Overall, the tournament was run very well and good times were had by all. It was a fun event, but I missed Day 2 by a match and didn't win anything. I played W/U/r Stoneblade in Legacy and went 3–1. I chose to play Wolf Run Ramp in Standard, but my 2–2 performance made me miss out on Day 2.

I've been playing Wolf Run in Standard ever since it won the World Championships in mid-November. At first, I played Jun’ya Iyanaga's list card for card, but then I started tweaking it to be better suited for the metagame. Here's the list that won Worlds:

This list was perfect for the World Championships because it crushes all of the aggro decks. The most popular decks at Worlds were G/W Tokens and mono-Red, and this Wolf Run list is excellent against both of those. The deck struggles against the various control decks in the format, and this deck doesn't have a good plan for the mirror. I expected more control decks at the SCG Invitational, and I knew that Wolf Run would also be popular since it just won Worlds, so I would need something to give me an edge those matchups.

The first thing that had to go was all of the Shock effects. Five is just way too many. They are bad against control and the mirror, and with five, you will just draw too many at the wrong times.

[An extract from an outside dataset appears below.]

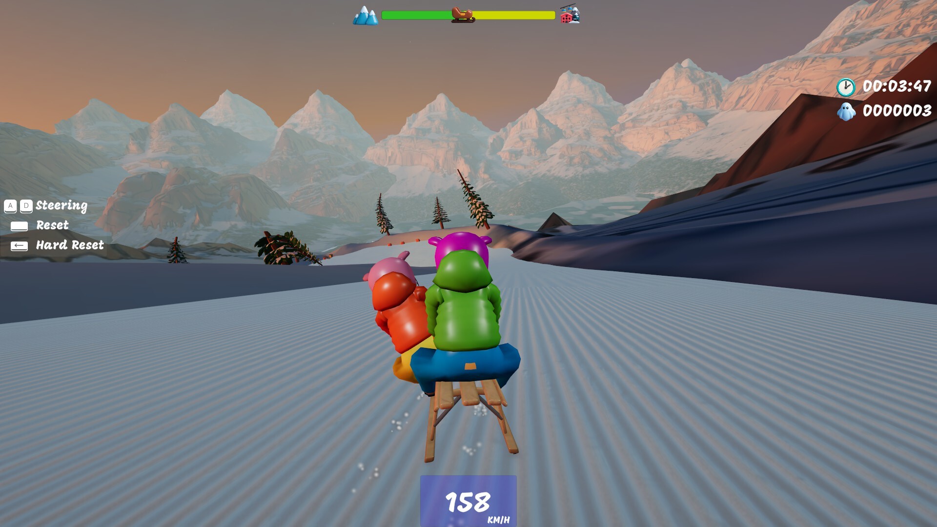 Race down icy slopes packed with sharp turns and unforgiving obstacles. A fast, chaotic co-op game built for speedrunners and friendship stress-tests.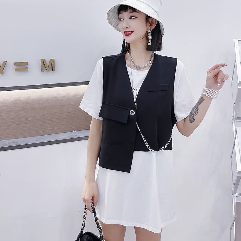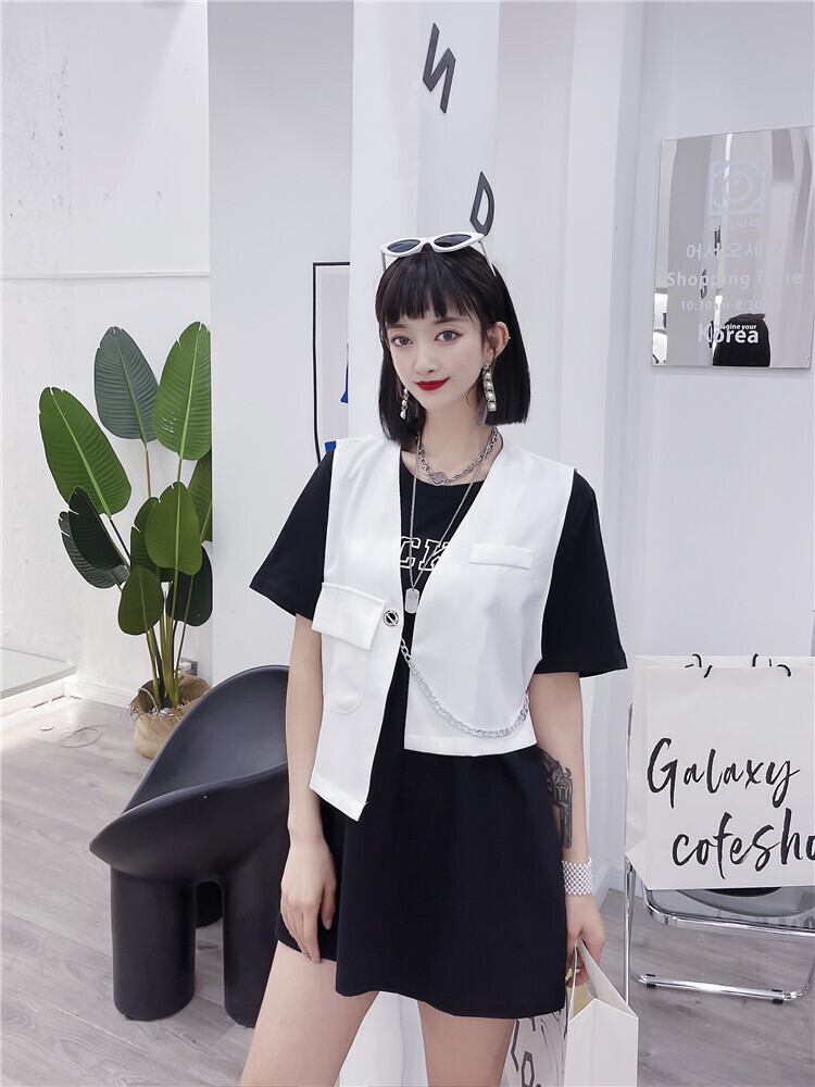 色:ホワイトTブラックベストツーピーススーツ,ブラックTホワイトベストツーピーススーツ

Next, we need to add cards to help our problem matchups. I started by adding some Garruks to the deck, because control decks usually have a hard time dealing with him.

Next, I chose to splash Black for Memoricide because it removed problem cards such as Titans and counterspells. I figured it was the perfect card against both control and the mirror.

Since I was splashing Black anyway, I added Olivia Voldaren to the main deck. She is great against the mirror because she steals the opponent’s threats, and she's fine against aggro as well. She is a bit mana-intensive, but if you are able to untap with her, you should be able to either remove or steal any creature on the board.

I also ran Doom Blade in the sideboard. It's a cheap way to remove Titans from the board, and Devil's Play is way too mana-intensive for that job.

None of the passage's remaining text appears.